Come tea time he gets up from his sleep and is really really bloated (he is naturally a skinny dog). I had never heard of bloat at the time and someone suggested rushed him to the vets thinking it was that from his symptoms... and had to wait but they saw him and took him in, poor vet and nurses stayed late to put him under to X-Ray his tummy as an emergency. They quickly worked out it was food, and he had to have his stomach pumped as the kibble had swollen up and his stomach was getting blocked..... it was serious and could have been much worse if he hadn't got there in time - was very ill. 

He did it again a year later, OH forgot to lock the food cupboard door - we didn't know how much he had but I wasn't taking any chances and we got him to the emergency vets who gave him an injection to make him very sick.

Vets advised making him sick but didn't know how to, or whether enough had come out etc so went to the experts.

If they have had alot would DEF try to get to the vets earlier - just think how much kibble swells up when wet....


----------



## EmCHammer (Dec 28, 2009)

Just read back, if the dog is distressed now, just think about when the kibble swells up....


----------



## Guest (Jul 20, 2010)

I hope your friend went to the vet immediately, this could be very serious


----------



## paddyjulie (May 9, 2009)

rona said:


> I hope your friend went to the vet immediately, this could be very serious


yes very serious..i know of one dog that died from this...the kibble needs to be got out of the stomach right away..this evening could be too late

juliex


----------



## EmCHammer (Dec 28, 2009)

I didn't want to say but it was touch and go with my boy by the time we got him to the vets :-( 

Mind you once he got through the night he did enjoy the liquid parafin he then had to have for days afterwards very much.


----------



## pamela Renfrew (Jun 9, 2010)

Hi everyone........ thanks for all your replies.......Unfortunately........ Poppy had to be put to sleep........ I am just on my up to see my friend now so will fill you all in when I come back later....... Poor, poor poppy.......R.I.P now my wee friend......Oh god, this is a horrible situation....... what do you say..... what can you say.... I have bought her some Lilly's and have a lovely wee card on the loss of your beloved friend with a picture of a lab on it.... so apt..... Anyway, thanks again for your replies..... speak later.. Pamx


----------



## Tanya1989 (Dec 4, 2009)

OMG, thats awful. Was there an underlying problem as well?


----------



## Mum2Heidi (Feb 17, 2010)

I am really sorry to hear this, all my love to your friend.

RIP wee one x


----------



## paddyjulie (May 9, 2009)

Oh How sad...RIP

Juliex


----------



## Nellybelly (Jul 20, 2009)

So sorry. My condolences to your friend.


----------



## Spanish (May 27, 2010)

Oh dear.

I'm gonna get one of these now.

Ferplast Feedy Pet Food Storage Container Small


----------



## sue&harvey (Mar 10, 2010)

How awful, run free little girl


----------



## JSR (Jan 2, 2009)

How shocking, I'm so very sorry. What an awful accident.


----------



## Guest (Jul 20, 2010)

I am so so sorry to read this, I missed it as I was so wrapped up on another thread!
Billyboysmam just called me and asked me if I'd seen it.
All I can do is to say how very sorry I am, the owner must be devastated.

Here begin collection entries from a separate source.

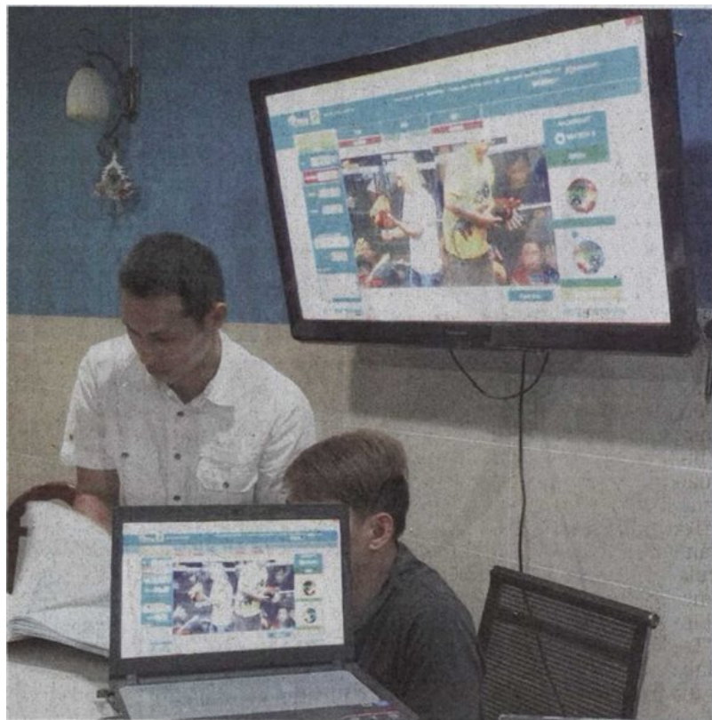
SEORANG anggota polis memeriksa buku dan peralatan perjudian sabung ayam yang dikesan menggunakan kaedah atas talian.

Provided for client's internal research purposes only. May not be further copied, distributed, sold or published in any form without the prior consent of the copyright owner.
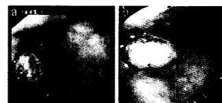
Endoskopischer Aspekt des Fremdkörpers proximal der gastroösophagealen Anastomose.
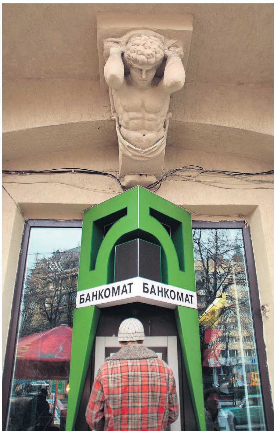
Чтобы оценить ситуацию в вашем банке, теперь можно просто узнать, в какой налоговой он обслуживается.

Такая избирательность ФНС в переводе банков в 9-ю инспекцию, вероятно, связана с расчисткой банковского рынка, проводимой ЦБ с 2013 года. — на текущий момент регулятор отозвал лицензии у 291 банка, из которых 205 признаны банкротами. Судя по всему, налоговики просто не хотят заниматься напрасной работой, отмечают участники рынка. Перевод из одной инспекции в другую требует проведения определенных затрат (сверка налоговых платежей, передача карточки компа-
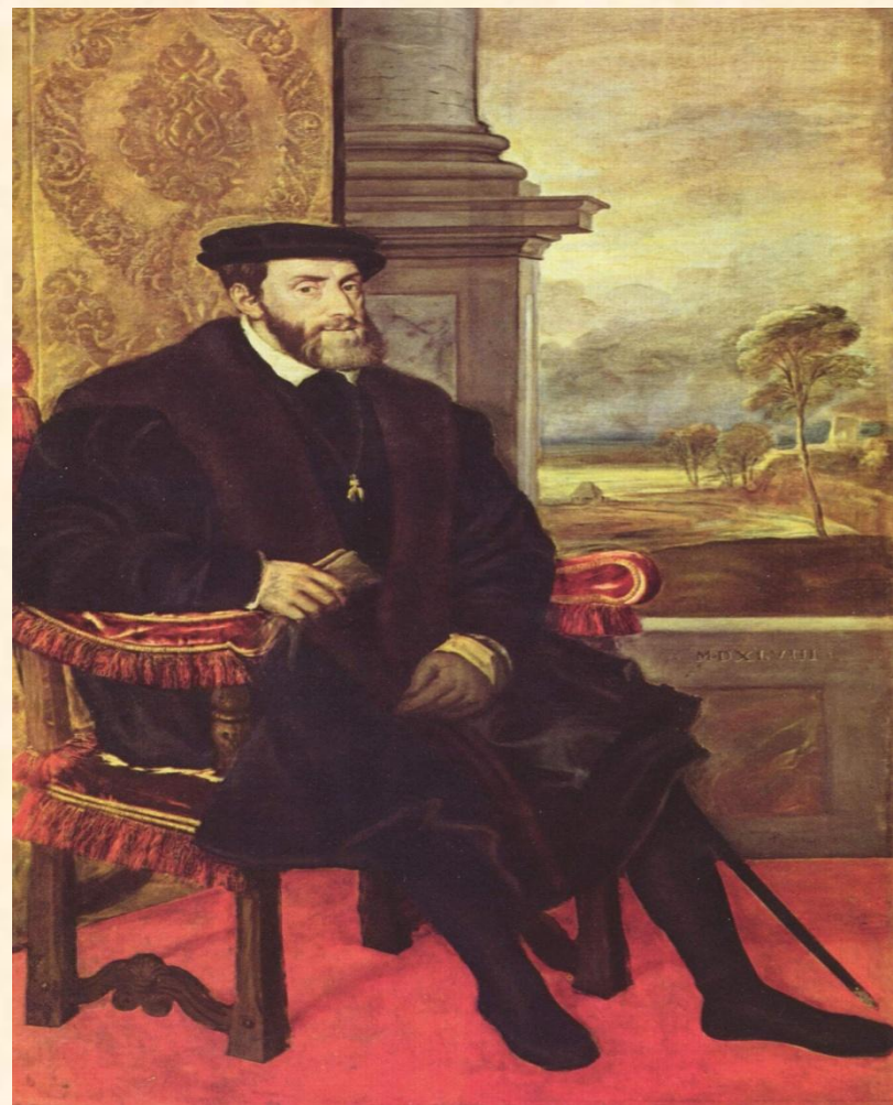
Генрих VIII Английский и Карл V император СРИ
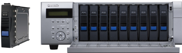
別売ハードディスクユニット

また、増設ユニット(WJ-HDE400)を最大5台接続可能。 この組み合わせにより、最大216 TBのシステム構築が可能です。

I would suspect by the time that you posted the thread the damage would already have been done, the bulking of the food would have put extreme pressure on the vital organs resulting in failure of the kidneys, liver and possibly a heart attack.

A hard lesson to learn , and very inapproiate that I say this, but please please everyone, keep is soap (or soda) crystals in case of dire emergency.

Again I say I am so sorry for your friend Pam.


----------



## sarybeagle (Nov 4, 2009)

I am so sorry to read this xxx


----------



## henry (Mar 16, 2009)

This is heartbreaking.... so sorry for your friend. 
x


----------



## BigBearsRule (Jun 24, 2009)

Oh how awful, poor little soul. :crying:

Why do we need soda crystals?? sorry if thats a thick question


----------



## Beebuks (Jun 4, 2010)

Thats really sad - i will make sure i keep the puppy well away from the kibble bag. Thoughts with your friend at this time


----------



## Guest (Jul 20, 2010)

BigBearsRule said:


> Oh how awful, poor little soul. :crying:
> 
> Why do we need soda crystals?? sorry if thats a thick question


One of my dogs ate poisnous fungi once, I rang the vet within an hour of her eating them, she was in a terrible state, the vet told me to make her sick as soon as I could BEFORE leaving for the surgery! he told me to used soda crystals which I did! We disovled them in water and forced it down her, she was almost unconsious she brought back loads of mushrooms, we rushed her down to the vets where he put her on a drip, there is no antidode, we were in the lap of the gods! She lived! had we not have made her sick so quickly and so much she would have stood no chance.


----------



## Allana (Jul 7, 2010)

BigBearsRule said:


> Oh how awful, poor little soul. :crying:
> 
> Why do we need soda crystals?? sorry if thats a thick question


You can use these to make an animal sick if that is what is needed.

xx


----------



## Charlottex (Jul 15, 2010)

This is so sad... Thoughts are with your friend. Charlotte


----------



## BigBearsRule (Jun 24, 2009)

Thanks for the answer. It never ceases to amaze me how helpful and friendly everyone is one here.
I will get soda crystals tomorrow.


----------



## babycham2002 (Oct 18, 2009)

BigBearsRule said:


> Thanks for the answer. It never ceases to amaze me how helpful and friendly everyone is one here.
> I will get soda crystals tomorrow.


Ditto above

Where will i get these crystals?


----------



## babycham2002 (Oct 18, 2009)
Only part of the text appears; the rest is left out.